Arten von chronischen Schmerzen - Alltagsausgleich - Weniger Stress, mehr Entspannung!

Arten von chronischen Schmerzen

Wenn Sie unter bestimmten Arten von chronischen Schmerzen leiden, werden Sie vielleicht überrascht sein zu erfahren, dass ein krampflösendes Medikament helfen kann, Ihre Schmerzen zu lindern.
Antikonvulsiva, oder krampflösende Medikamente, wirken als adjuvante Schmerzmittel.

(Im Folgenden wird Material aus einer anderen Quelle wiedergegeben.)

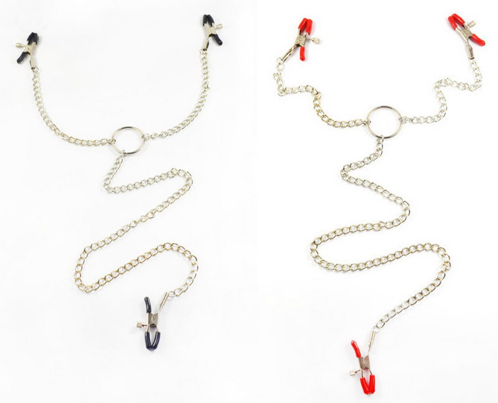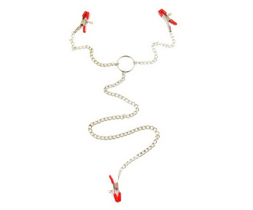 Характеристики Затискачі для сосків та клітора червоного кольору БДСМ на сріблястому металевому ланцюжку Scappa

Das bedeutet, dass sie einige Arten von chronischen Schmerzen behandeln können, obwohl sie nicht für diesen Zweck konzipiert sind.
Im Allgemeinen werden sie in Verbindung mit Analgetika, Entzündungshemmern, alternativen Therapien oder nicht-pharmakologischen integrativen Therapien eingesetzt. Antikonvulsiva wirken, indem sie die hemmende Wirkung von Neurotransmittern namens Gamma-Aminobuttersäure (GABA) potenzieren und die Blut-Hirn-Schranke und Membranen leicht überwinden.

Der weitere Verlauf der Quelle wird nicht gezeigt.